I know there's still centers that are delaying elective procedures. But even going back to the COVID days, we're treating sleep apnea, we're able to get our cases scheduled. So I don't think the IV bags are really going to have too much of an impact. And we're working hard to try and get those regional cases in the Southeast rescheduled.
Okay. Perfect. It's that time of the year. I think you referenced the tree lighting, Tim, but I'm going to ask about 2025. So I think on the Q3 earnings call, you said you were comfortable with where the consensus stood for 2025 revenue. I think that's $950 million or so. Is that still the case today? And then just high-level puts and takes as we think about the top line for next year?
I think the terminology we used was it was not unreasonable. Is that how we said that? And I think that that's we stand behind that. That's true. We're not putting out our guidance right now. We'll be talking about that soon. But we do think that people are in line right there. We do have a lot of activities coming out next year, which we're so excited about. I know we'll talk about Inspire V. And so that's coming up. And depending upon the timing of the launch of that, I think we will see a little bit more of a back-end loaded 2025 if I go to that much detail. But I think that's pretty traditional for us anyways. But with the launch, probably has a little bit of an impact.
But in the grand scheme, I think that we don't, we don't think that overall number is unreasonable.
Okay. Perfect. And I guess a similar question on 2025 P&L expectations. I have the street modeling GAAP EPS of $1.95. Hopefully, that's a good figure. Any reaction there? And obviously, the leverage this year has been fantastic. Just how do we think about leverage in 2025 and going forward?
Sure. I'll take that one, Tim. So we are a growth company. We have been a growth company. And we've now transitioned into profitable growth, which we're really excited about, the profitability that we've seen in 2024. But we're going to continue to invest heavily in our business to help support the top-line revenue growth. But at the same time, we expect that we'll have continued improvement in our profitability and our cash generation on an annual basis, on a go-forward basis.

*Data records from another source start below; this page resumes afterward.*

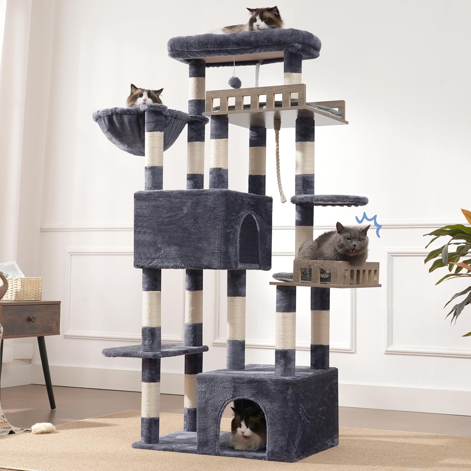 2 Holzstangen. Dieser hohe Kratzbaum ist speziell mit zwei Holzplattformen in unterschiedlichen Höhen ausgestattet, damit Katzen jeder Größe frei klettern können. Darüber hinaus bieten sie aber auch einen bequemen Platz zum Ausruhen
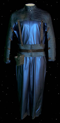 An intricate navy blue vinyl jumpsuit with matching gloves and a Velcro affixed shoulder and arm wrap made from neoprene that snaps into place around the arms and to a matching harness at the waist. Presumably used by Talaxian miners on an asteroid in the episode “Homestead” of Star Trek: … |
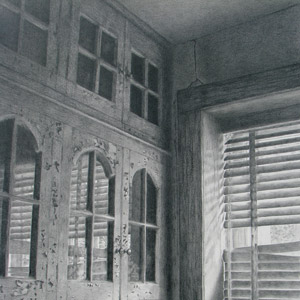 My three graphite drawings were inspired by the Eyreville Plantation; an old plantation on the Eastern Shore of Virginia. The owner of the plantation was gracious in allowing me access to his property for a photo opportunity. He not only showed me around the grounds and inside the many buildings, but also shared stories about the property's past history and occupants. Eyreville is a hidden gem of several hundred acres situated along water and marsh, surrounded by vast open fields. The once beautiful and bustling plantation is now silent and in disrepair. The main house is enveloped in an eerie calm. I felt the stillness and beauty of the structure held the mystery of memories past. What was once vibrant, is now surrounded by an aura of sadness. Passageways and furnishings echo reminders of those who lived and loved within its walls. I have tried to convey this atmosphere in my drawings while, at the same time, instilling the warmth and beauty that once existed.
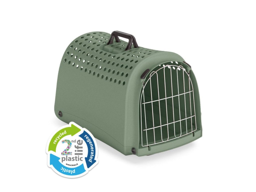 Plastová prepravka s kovovými dvierkami pre mačky.
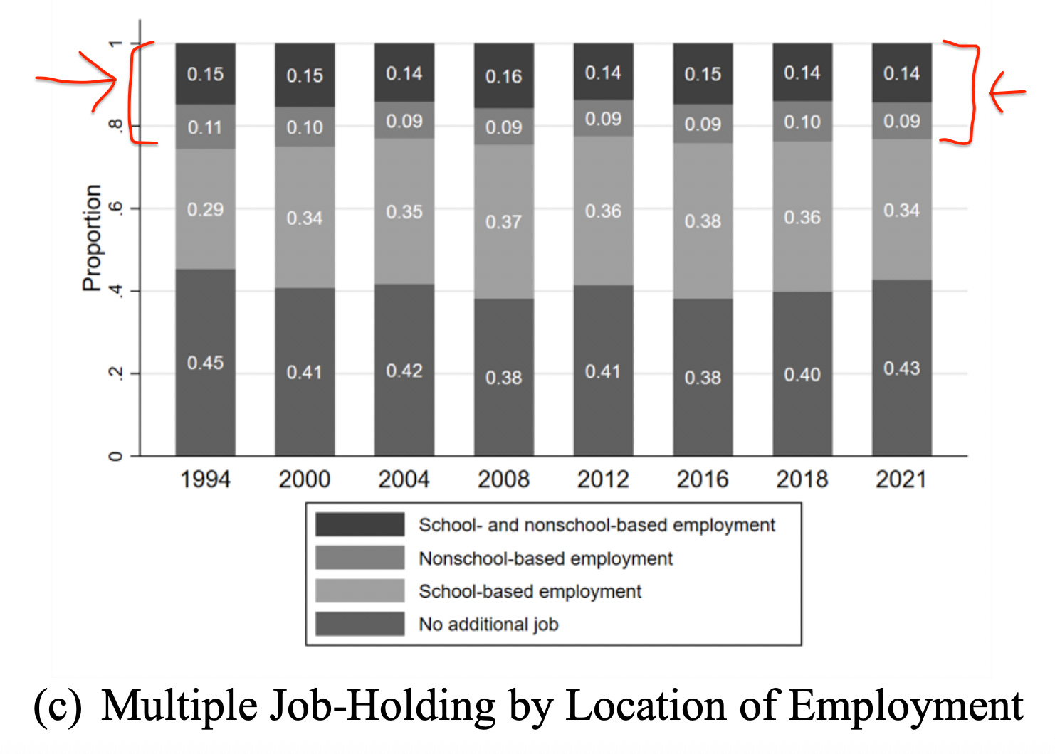These are pretty small changes, but these summary stats suggest there’s been any type of surge in teachers holding second jobs. Meanwhile, 45 percent of teachers had no additional job in 1994. In 2021, that figure had fallen to 43%. It all looks pretty constant over time.
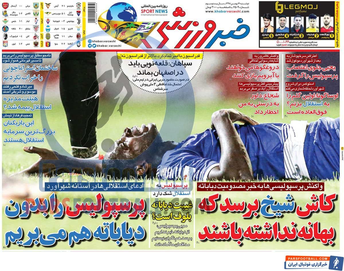 عناوین روزنامه خبر ورزشی دوشنبه ۱۴ بهمن ماه به شرح زیر است :
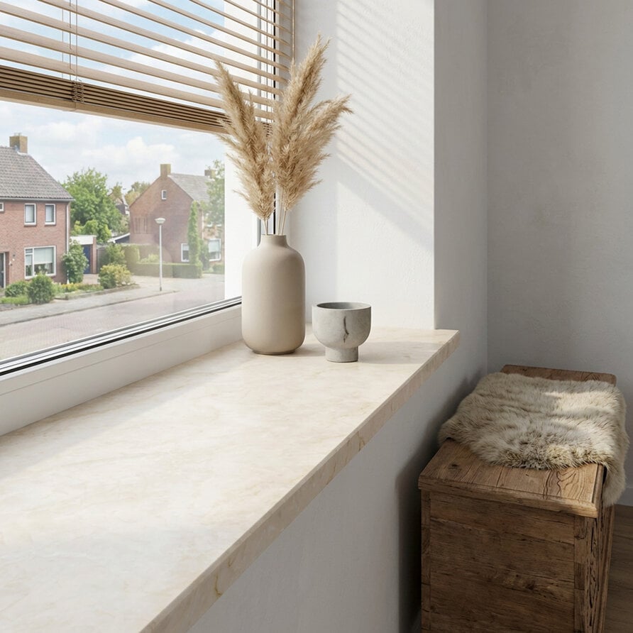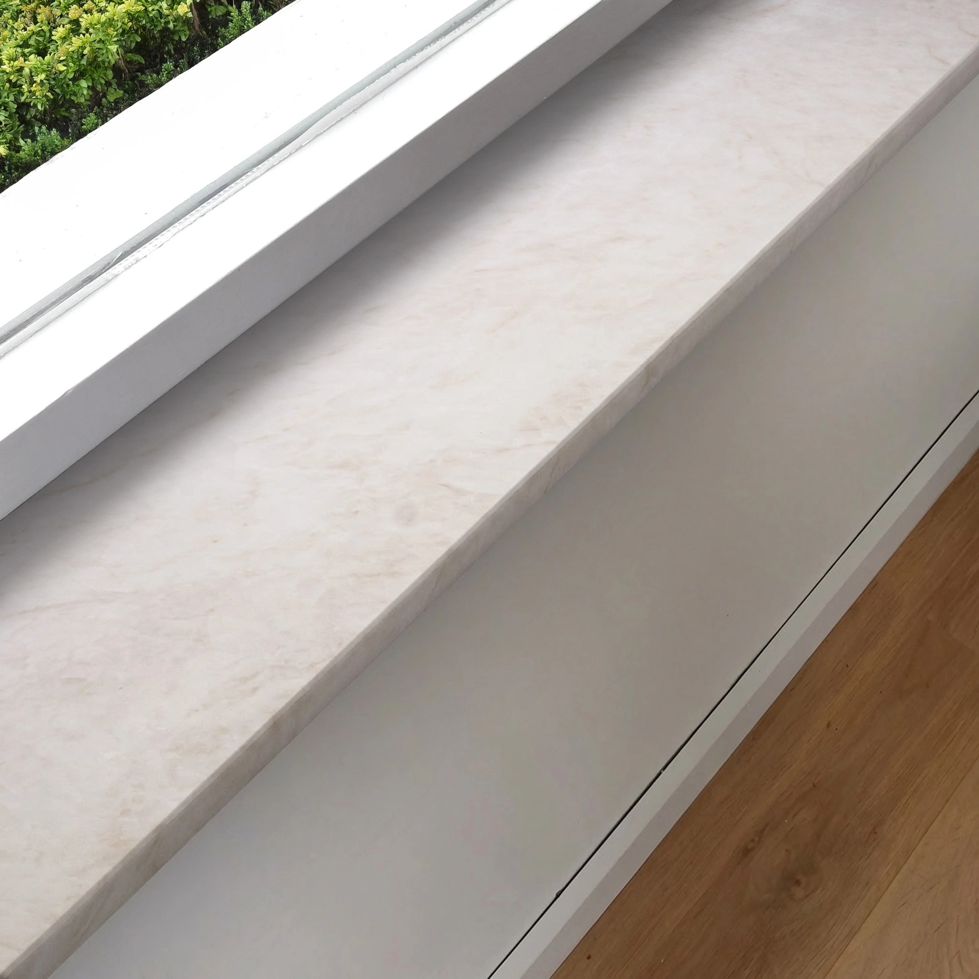 Sample (materiaal proefstuk / monster) - taj mahal look - kwartscomposiet (quarts / quartz) - gezoet (mat) - circa 7x5x2 cm. Twijfelt u bij een vensterbank kopen nog tussen materialen, over de specifieke kleurtint en/of een specifieke afwerking? In dat geval biedt onze sample service uitkomst! Bestel hier eenvoudig een sample van onze taj mahal look kwarts composiet (gezoet). Zo kunt u het materiaal - voordat u daadwerkelijk bestelt - rustig op uw gemak bekijken. De samples zijn daarnaast ideaal om de 'match' met uw interieur bepalen en om 2 (of meerdere) varianten met elkaar te vergelijken.
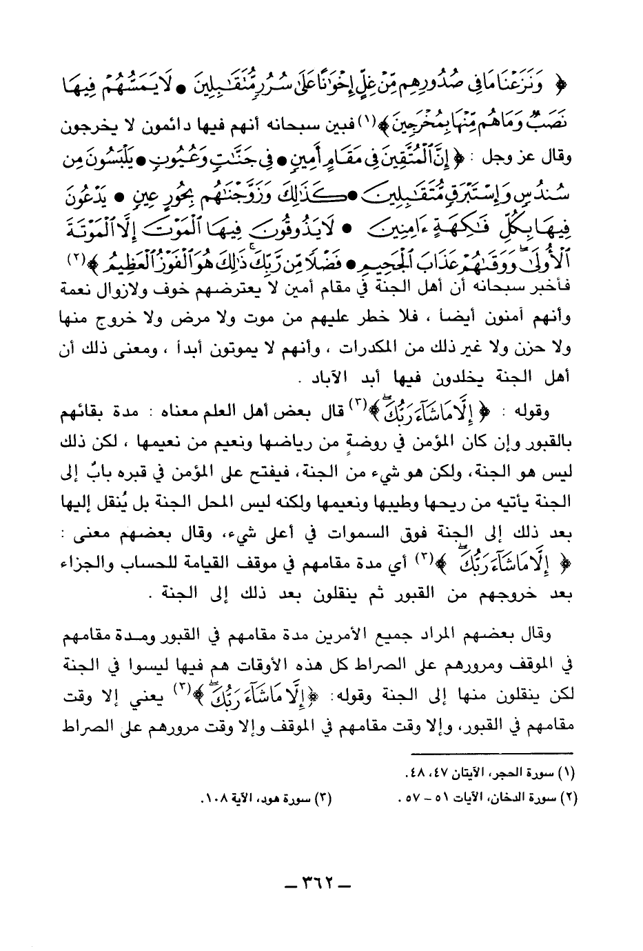 {وَنَزَعْنَا مَا فِي صُدُورِهِمْ مِنْ غِلٍّ إِخْوَانًا عَلَى سُرُرٍ مُتَقَابِلِينَ} (¬1) {لَا يَمَسُّهُمْ فِيهَا نَصَبٌ وَمَا هُمْ مِنْهَا بِمُخْرَجِينَ} (¬2) فبين سبحانه أنهم فيها دائمون لا يخرجون، وقال عز وجل: {إِنَّ الْمُتَّقِينَ فِي مَقَامٍ أَمِينٍ} (¬3) {فِي جَنَّاتٍ وَعُيُونٍ} (¬4) {يَلْبَسُونَ مِنْ سُنْدُسٍ وَإِسْتَبْرَقٍ مُتَقَابِلِينَ} (¬5) {كَذَلِكَ وَزَوَّجْنَاهُمْ بِحُورٍ عِينٍ} (¬6) {يَدْعُونَ فِيهَا بِكُلِّ فَاكِهَةٍ آمِنِينَ} (¬7) {لَا يَذُوقُونَ فِيهَا الْمَوْتَ إِلَّا الْمَوْتَةَ الْأُولَى وَوَقَاهُمْ عَذَابَ الْجَحِيمِ} (¬8) {فَضْلًا مِنْ رَبِّكَ ذَلِكَ هُوَ الْفَوْزُ الْعَظِيمُ} (¬9) فأخبر سبحانه أن أهل الجنة في مقام أمين لا يعترضهم خوف ولا زوال نعمة وأنهم آمنون أيضا، فلا خطر عليهم من موت ولا مرض ولا خروج منها ولا حزن ولا غير ذلك من المكدرات، وأنهم لا يموتون أبدا، ومعنى ذلك أن أهل الجنة يخلدون فيها أبد الآباد.
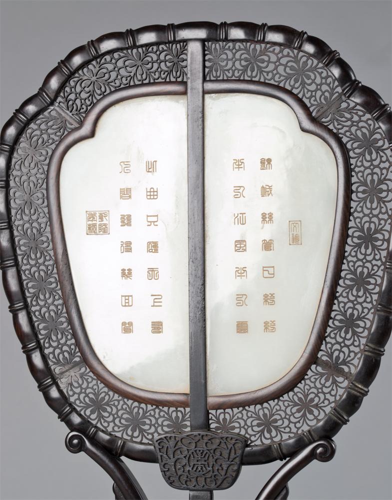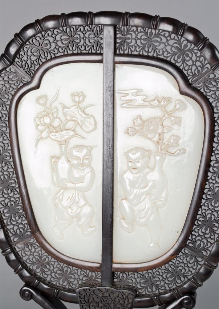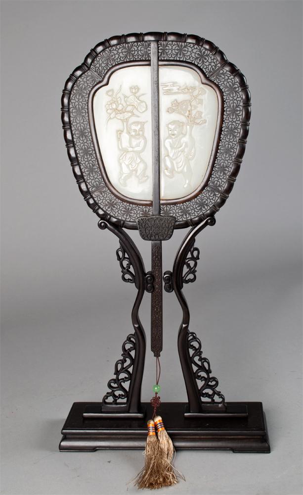 Finely carved on one side to depict boys holding vases of flowers the reverse with four lines of calligraphy highlighted in gilt, jade measures 6.5"H X 5.5"W, total heights 19.5"H in fitted silk box circa 20th century.
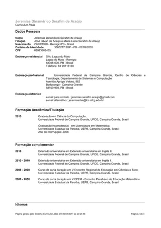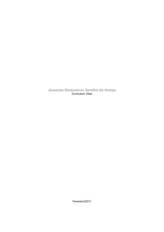 Este currículo resume a formação acadêmica e experiência profissional de Jeremias Dinamérico Serafim de Araújo. Ele possui graduação em Ciência da Computação pela UFCG de 2010 e iniciou graduação em Licenciatura em Matemática pela UEPB em 2008. Jeremias também participou de eventos acadêmicos e cursos de inglês e espanhol.
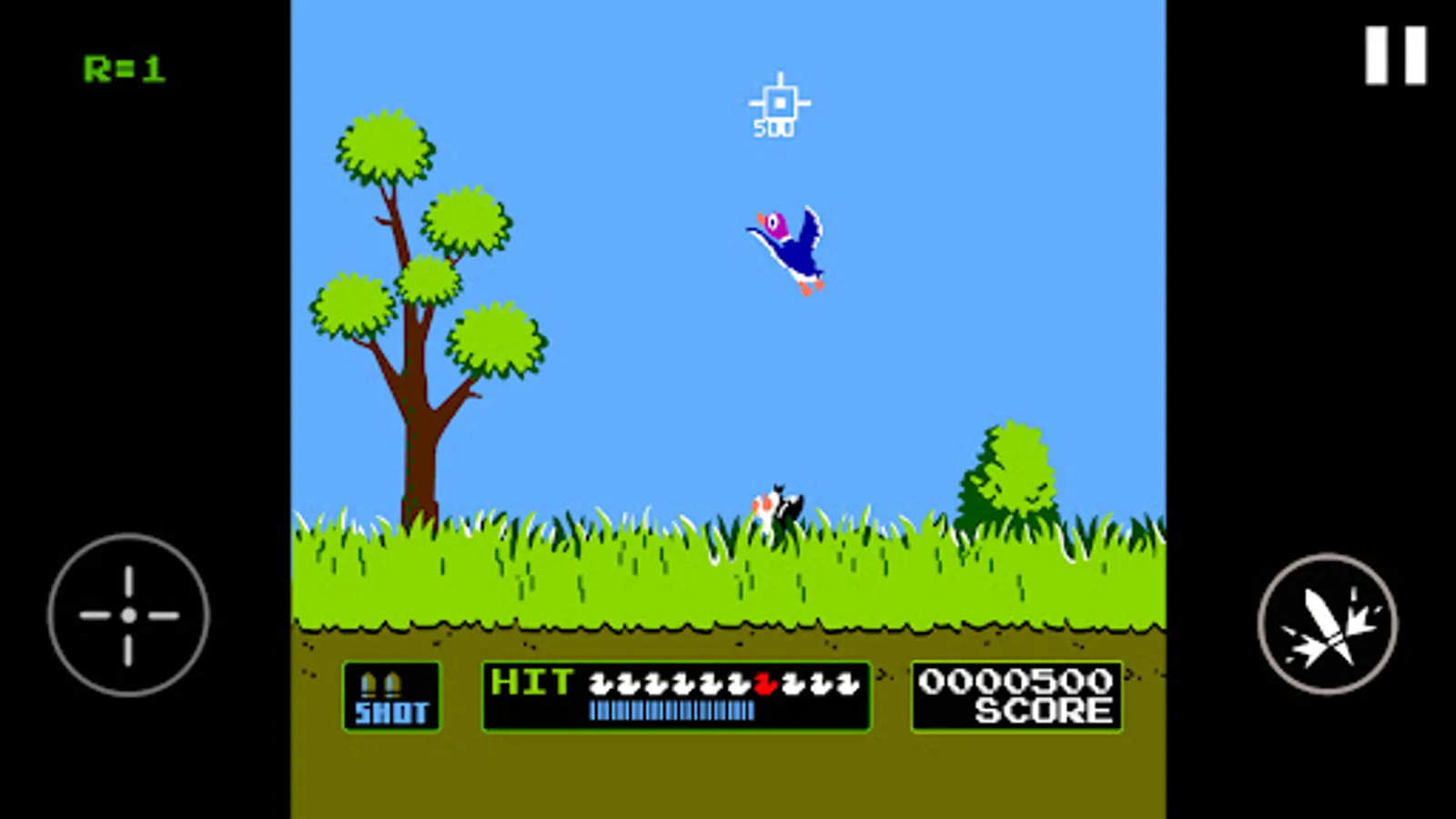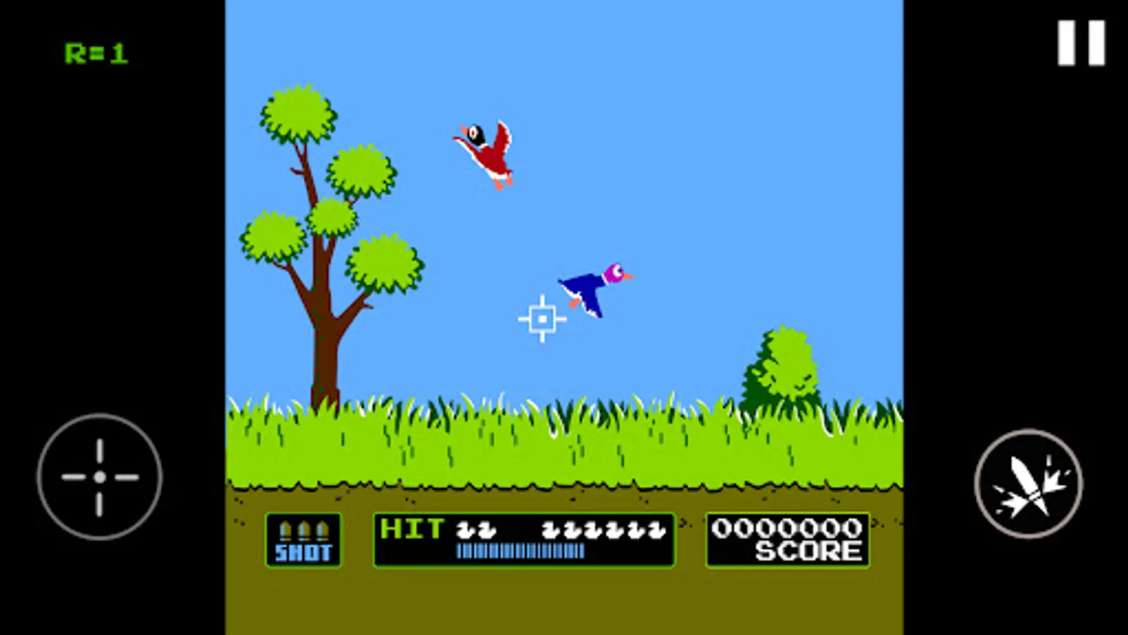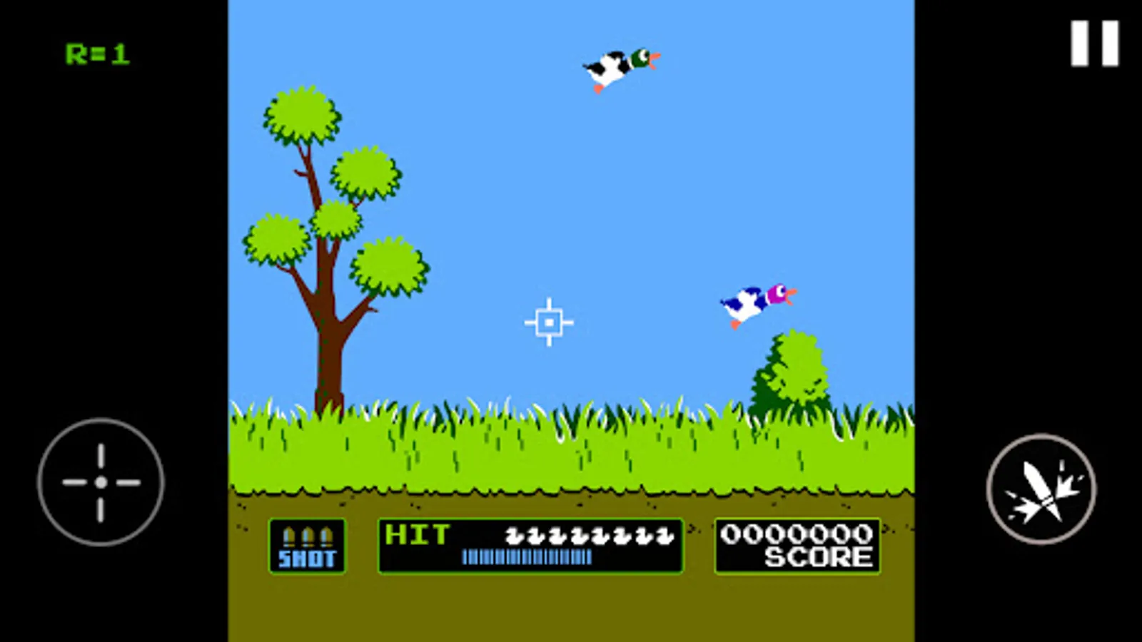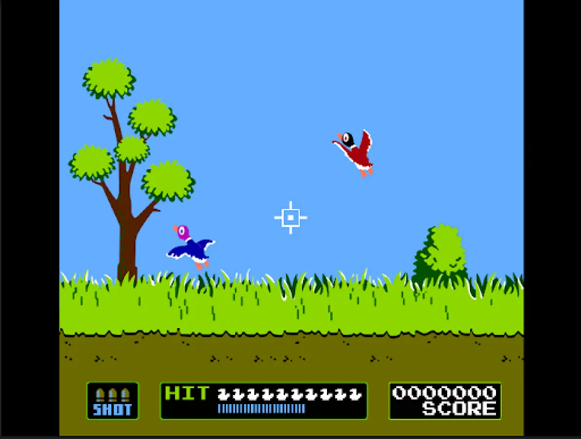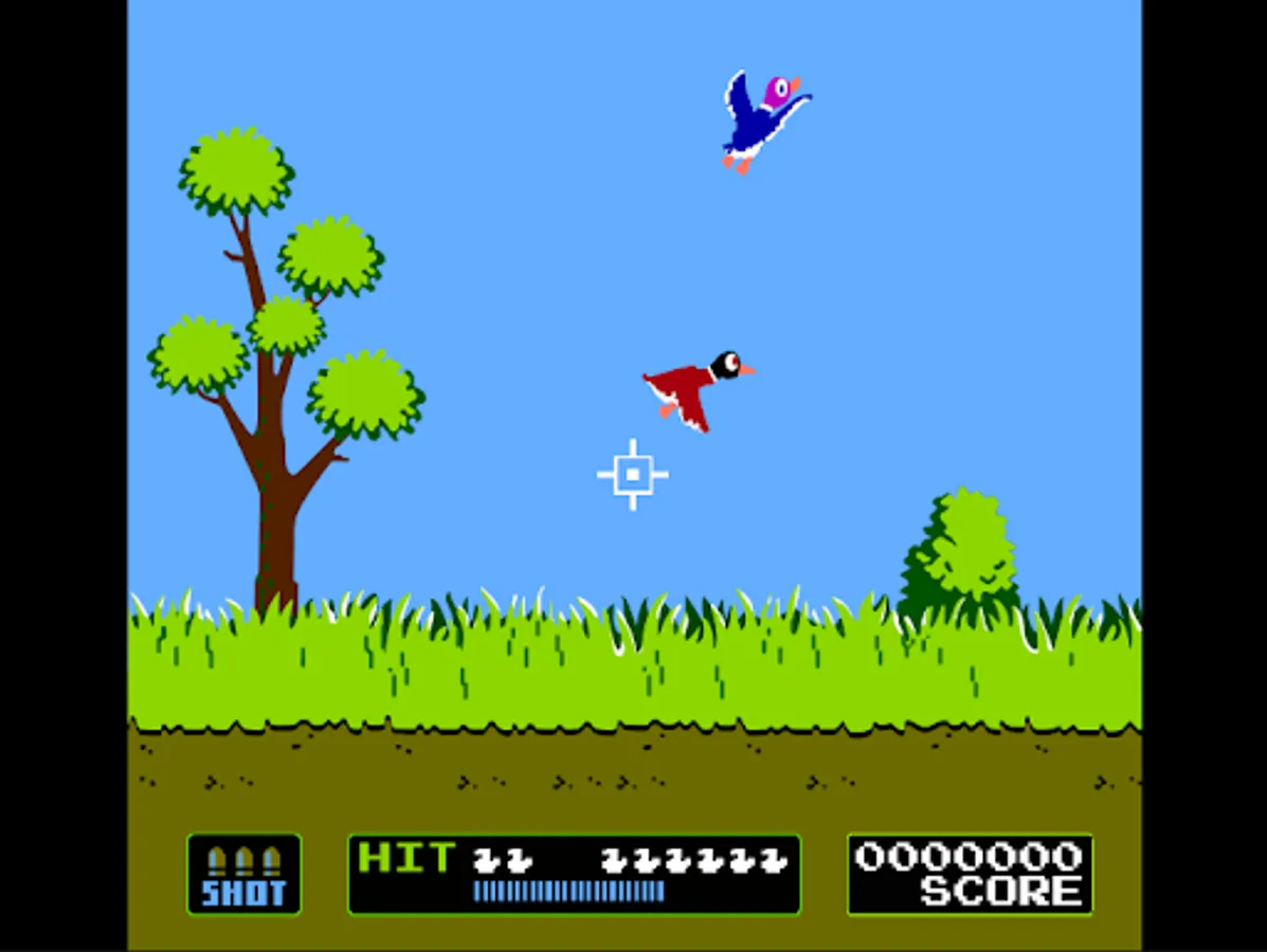In Duck Hunt, players shoot ducks that appear on the screen. The ducks appear one or two at a time, and the player is given three shots to shoot them down before they disappear. The player receives points upon shooting each duck. If the player shoots the required number of ducks in a single round, the player will advance to the next round; otherwise, the player will receive a game over.

Okay. Let's move on to Gen V . Obviously, a lot of questions there. And I guess the first question that I'll throw at you guys is, where are we in terms of launch at this point? You have FDA approval. Have you officially commenced the limited launch? Have you done any implants? How's it going thus far? Just any comments there?
Let's back up a little bit. Let's talk a little bit about what Gen V is and the Inspire V neurostimulator, our fifth-generation Inspire platform. What we've done with it in the past, everybody knows we're a closed-loop stimulation. So we sense respiration. And we provide stimulation to the hypoglossal nerve to move the base of the tongue forward when the patient inhales, thereby preventing obstructive events. And we have a stimulation lead that goes to the hypoglossal nerve, a neurostimulator. And previously, Inspire IV and prior, we have a sensing lead that gets placed between the intercostal muscles. And our surgeons tend to be ear, nose, throat. It doesn't talk about placing a sensor in the chest wall.
What we've done with the fifth- generation is taken that sensing capability and putting it inside the can of the neurostimulator using an accelerometer, very similar to what you'd see with a cardiac pacemaker and rate-responsive pacer where it senses respiration and adjusts pacing rates. We're doing the same thing, except we're sensing that respiration and being able to provide stimulation synchronous when the patient inhales. Really excited about the five. We submitted the data to the FDA along with our qualification. FDA has approved it. We are just gearing up for launch right now. It's really about operational readiness. The limiting factor for us right now is making sure that we have proper inventory levels to be able to launch in the United States. We're building a product as we speak. We're going to be targeting that for full launch in 2025.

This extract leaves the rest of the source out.